November 18, 2016
For the longest time, the only thing I could ever connect my face to is the color red. I hated the color. It was the color that put me through heartbreaks and being the victim of bullying of people who looked nothing like me. I lost a lot of hope in myself and couldn’t look people in the eye when we talked because I felt their eyes trail across the bumpy surface of my face. I couldn’t look at myself in pictures and I wanted to break the mirror every time I see myself in it. What a painful experience a person has to endure with a thing that is supposed to be normal. Everywhere I looked, I couldn’t find people who looked like me. The color red never followed them, only me did it follows.
People of all ages would look at me and connect me to nothing else but the redness on my face. The abnormalities of my skin and the reason why I didn’t look like a real person frightened their world. Having acne is something so emotionally painful that people who have clear skin cannot understand the hurt that is felt when they ask about your face. I look up and ask why have I been cursed like this? But the response is never there.

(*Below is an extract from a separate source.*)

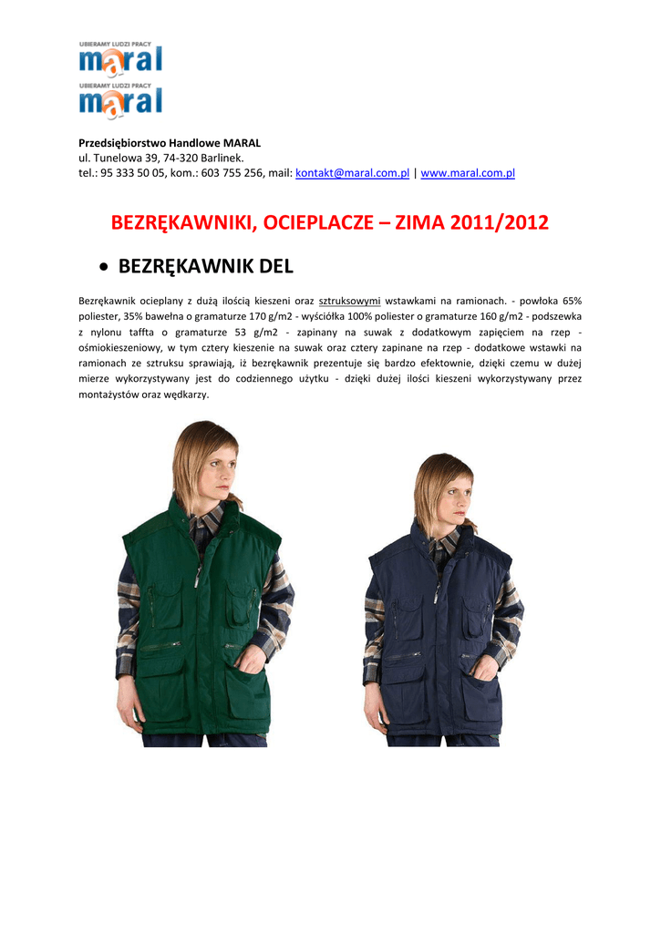 Przedsiębiorstwo Handlowe MARAL ul. Tunelowa 39, 74-320 Barlinek. tel.: 95 333 50 05, kom.: 603 755 256, mail: [email protected] | www.maral.com.pl BEZRĘKAWNIKI, OCIEPLACZE – ZIMA 2011/2012 BEZRĘKAWNIK DEL Bezrękawnik ocieplany z dużą ilością kieszeni oraz sztruksowymi wstawkami na ramionach. - powłoka 65% poliester, 35% bawełna o gramaturze 170 g/m2 - wyściółka 100% poliester o gramaturze 160 g/m2 - podszewka z nylonu taffta o gramaturze 53 g/m2 - zapinany na suwak z dodatkowym zapięciem na rzep ośmiokieszeniowy, w tym cztery kieszenie na suwak oraz cztery zapinane na rzep - dodatkowe wstawki na ramionach ze sztruksu sprawiają, iż bezrękawnik prezentuje się bardzo efektownie, dzięki czemu w dużej mierze wykorzystywany jest do codziennego użytku - dzięki dużej ilości kieszeni wykorzystywany przez montażystów oraz wędkarzy. BEZRĘKAWNIK FOK Bezrękawnik zapewniający ochronę przed chłodem, dzięki podwójnemu systemowi ocieplenia. - powłoka 100% poliester micro-moss - wyściółka 100% poliester o gramaturze 300 g/m2 - podszewka 100% polar o gramaturze 260 g/m2 - zapinany na suwak - po zewnętrznej stronie dwie kieszenie zapinane na suwak - dodatkowa kieszeo od wewnętrznej strony - pikowanie w poprzeczne pasy, zabezpieczające przed przesuwaniem się wyściółki specjalna ocieplina zapewnia miękkośd bezrękawnika i podnosi komfort użytkowania - od wewnątrz ocieplony polarem, dzięki czemu nie groźny jest żaden chłód. BEZRĘKAWNIK KOR Bezrękawnik ocieplany z dużą ilością kieszeni. - powłoka 65% poliester, 35% bawełna - wyściółka 100% poliester o gramaturze 200 g/m2 - podszewka 190T poliester taffta - zasuwany z dodatkowym zapięciem na napy przedłużany tył - po zewnętrznej stronie dwie kieszenie na telefon komórkowy, dwie na suwak oraz dwie na rzep - dodatkowa kieszeo po wewnętrznej stronie - w rękawach od wewnątrz specjalny materiał ze ściągaczem zabezpieczający przed dostawaniem się wiatru - duża ilośd kieszeni pomieści akcesoria wędkarzy, narzędzia montażysty, jak i przybory domowego majstra/. BEZRĘKAWNIK LEEBER HOLMANN – PELI Bezrękawnik ocieplany flanelą. - powłoka 65% poliester, 35% bawełna - wyściółka o gramaturze 220 g/m2 flanelowa podszewka 100% bawełny - zasuwany z dodatkowym zapięciem na napy - przedłużany tył wielokieszeniowy: po zewnętrznej stronie dwie kieszenie na telefon komórkowy, dwie na suwak, dwie na rzep oraz dwie boczne, dodatkowa kieszeo po wewnętrznej stronie - w rękawach od wewnątrz specjalny materiał ze ściągaczem zabezpieczający przed dostaniem się wiatru - duża ilośd kieszeni pomieści akcesoria wędkarzy, narzędzia montażysty, jak i przybory domowego majstra. BEZRĘKAWNIK NEWA Bezrękawnik ocieplany polarem. - powłoka 100% poliester typu pongee 190T o gramaturze 200 g/m2 podszewka 100% polar o gramaturze 260 g/m2 - zapinany na suwak - trzy zasuwane kieszenie po zewnętrznej stronie: dwie boczne i jedna na górze - od wewnątrz dwie zasuwane kieszenie - ściągany na dole gumką specyficzny sposób szycia umożliwia noszenie po obydwu stronach, zarówno z polarem na zewnątrz jak i wewnątrz. BEZRĘKAWNIK ORE Bezrękawnik ocieplany wykonany z tkaniny poliestrowej. - powłoka 100% poliester - wyściółka 100% poliester typu tafta 190T - podszewka 100% poliester o gramaturze 300 g/m2 - zapinany na suwak - pikowany w dużą kratę - dwie boczne kieszenie zapinane na suwak - doskonały dla kobiet, dzięki dopasowanemu fasonowi. BEZRĘKAWNIK BAR Bezrękawnik ocieplany pikowany. - powłoka 65% poliester, 35% bawełna - wyściółka 100% poliester o gramaturze 180 g/m2 - podszewka 190T poliester taffta - zapinany na suwak - pikowanie zabezpiecza przed przesuwaniem się ociepliny - po zewnętrznej stronie dwie kieszenie z dodatkową kieszenią na telefon komórkowy, po wewnętrznej stronie kieszeo na rzep - ściągacz na dole bezrękawnika. Bezrękawniki występują w rozmiarach: M, L, XL, XXL, XXXL, kolorach jak zaprezentowane na grafikach.

Having acne is something that makes you seem different from the world. Those who don’t have to undergo the experience of having these scars cannot possibly understand why my face is the way it is. As a kid, I was seen as a monster. I was seen as a person who did not clean herself well enough and that was the reason why my face is the way that it is. The scars represented an illness that was contagious and no one wanted to be friends because even the slightest contact would get them affected too.
Experiencing acne is something I have yet to overcome but have come to have confidence in. I love the color red and the color pink. It’s something that gives me confidence in myself. The lack of makeup on my skin makes me feel free, although my scars still show, there is nothing better than believing in yourself and living life the way you want to live it. Whether people look at me differently or not because of my acne, I have to remind myself that it is something that is normal and that I am not the only one that is experiencing it. Experiencing Acne has given me confidence in myself.